TASK: Write again exactly the lines in the listing below, starting at the line with "SZ203-C25 WYŁĄCZNIK NADPRĄDOWY" and ending at the line with "Diamond embroidered small", both included. Pictures are not copied.

THE INPUT:
----

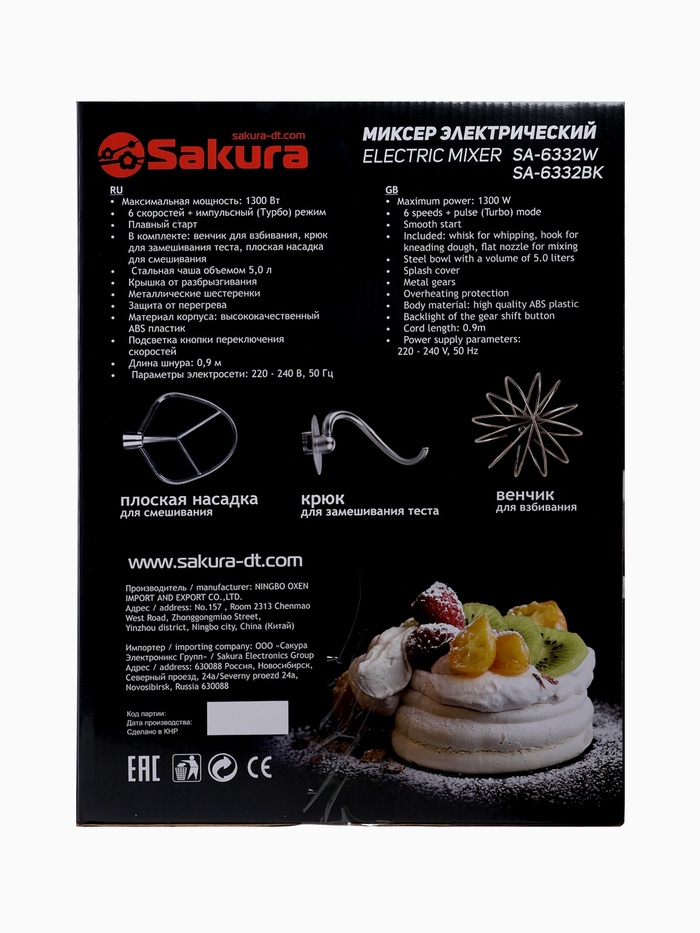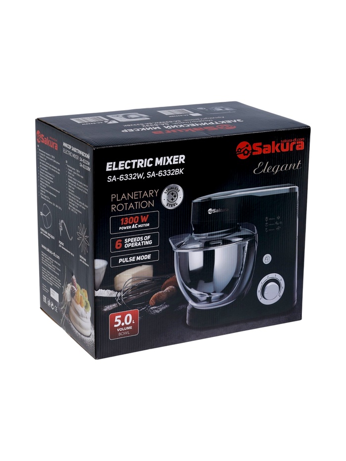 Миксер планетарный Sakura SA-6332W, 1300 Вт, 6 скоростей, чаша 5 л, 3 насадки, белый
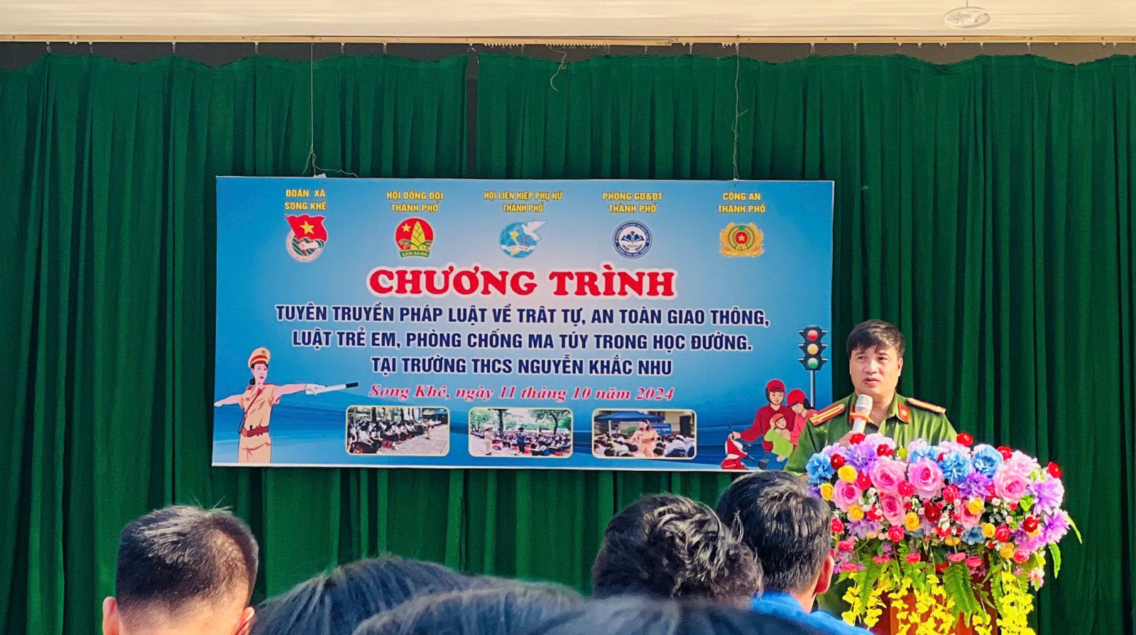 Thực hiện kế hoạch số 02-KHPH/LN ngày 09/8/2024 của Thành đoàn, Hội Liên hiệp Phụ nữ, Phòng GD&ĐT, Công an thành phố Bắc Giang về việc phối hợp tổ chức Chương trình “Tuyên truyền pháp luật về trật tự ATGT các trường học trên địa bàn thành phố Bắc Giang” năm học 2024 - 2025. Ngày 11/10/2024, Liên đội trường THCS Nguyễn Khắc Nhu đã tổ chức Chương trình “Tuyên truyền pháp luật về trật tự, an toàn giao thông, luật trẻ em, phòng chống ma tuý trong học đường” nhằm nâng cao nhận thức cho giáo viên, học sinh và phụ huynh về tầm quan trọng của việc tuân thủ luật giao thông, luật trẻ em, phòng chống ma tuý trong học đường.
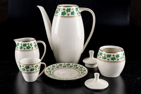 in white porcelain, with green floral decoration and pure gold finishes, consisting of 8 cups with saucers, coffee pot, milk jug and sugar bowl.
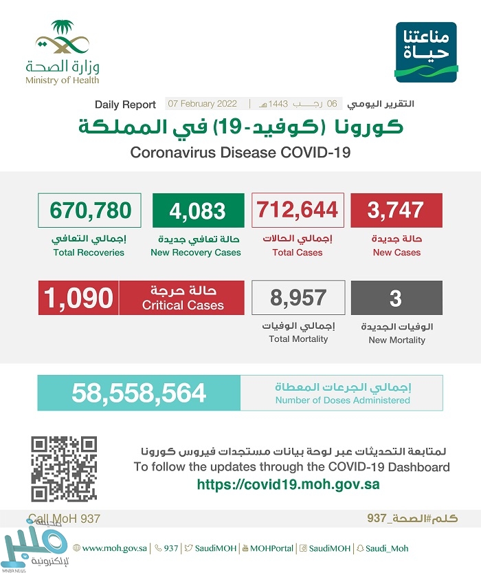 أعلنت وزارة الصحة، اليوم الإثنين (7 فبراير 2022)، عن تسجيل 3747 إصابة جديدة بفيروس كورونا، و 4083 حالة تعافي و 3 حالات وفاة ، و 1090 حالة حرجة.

----

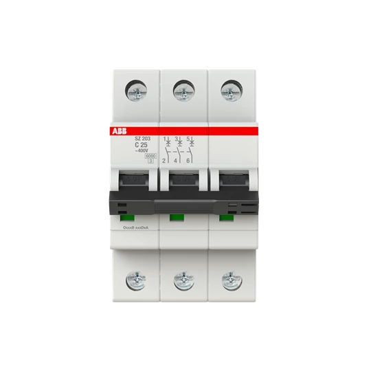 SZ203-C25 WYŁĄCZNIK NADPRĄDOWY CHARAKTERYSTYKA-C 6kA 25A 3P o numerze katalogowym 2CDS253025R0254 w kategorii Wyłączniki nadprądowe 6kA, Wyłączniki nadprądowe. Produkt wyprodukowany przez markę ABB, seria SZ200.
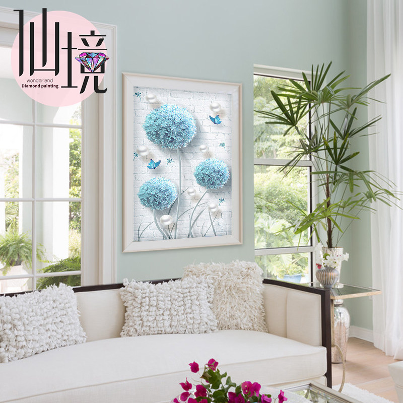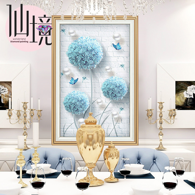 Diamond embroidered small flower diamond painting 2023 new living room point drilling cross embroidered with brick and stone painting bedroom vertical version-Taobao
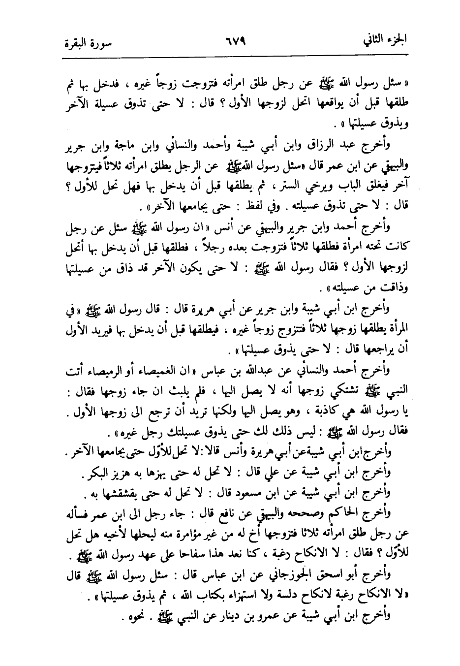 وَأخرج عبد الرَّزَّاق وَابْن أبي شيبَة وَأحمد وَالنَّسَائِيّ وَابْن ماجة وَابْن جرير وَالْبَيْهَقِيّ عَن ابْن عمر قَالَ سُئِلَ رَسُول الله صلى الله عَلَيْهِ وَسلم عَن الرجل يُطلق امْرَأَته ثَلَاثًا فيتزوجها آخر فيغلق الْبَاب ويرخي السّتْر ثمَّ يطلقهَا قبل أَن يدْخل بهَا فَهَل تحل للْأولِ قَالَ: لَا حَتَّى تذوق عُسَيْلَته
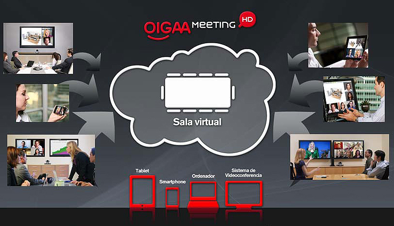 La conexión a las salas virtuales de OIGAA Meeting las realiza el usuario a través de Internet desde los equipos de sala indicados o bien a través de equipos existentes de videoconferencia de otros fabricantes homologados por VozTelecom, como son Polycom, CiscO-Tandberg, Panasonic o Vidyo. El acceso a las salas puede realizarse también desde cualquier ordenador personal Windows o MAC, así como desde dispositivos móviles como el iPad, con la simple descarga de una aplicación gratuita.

----

YOUR SOLUTION:
 SZ203-C25 WYŁĄCZNIK NADPRĄDOWY CHARAKTERYSTYKA-C 6kA 25A 3P o numerze katalogowym 2CDS253025R0254 w kategorii Wyłączniki nadprądowe 6kA, Wyłączniki nadprądowe. Produkt wyprodukowany przez markę ABB, seria SZ200.
 Diamond embroidered small flower diamond painting 2023 new living room point drilling cross embroidered with brick and stone painting bedroom vertical version-Taobao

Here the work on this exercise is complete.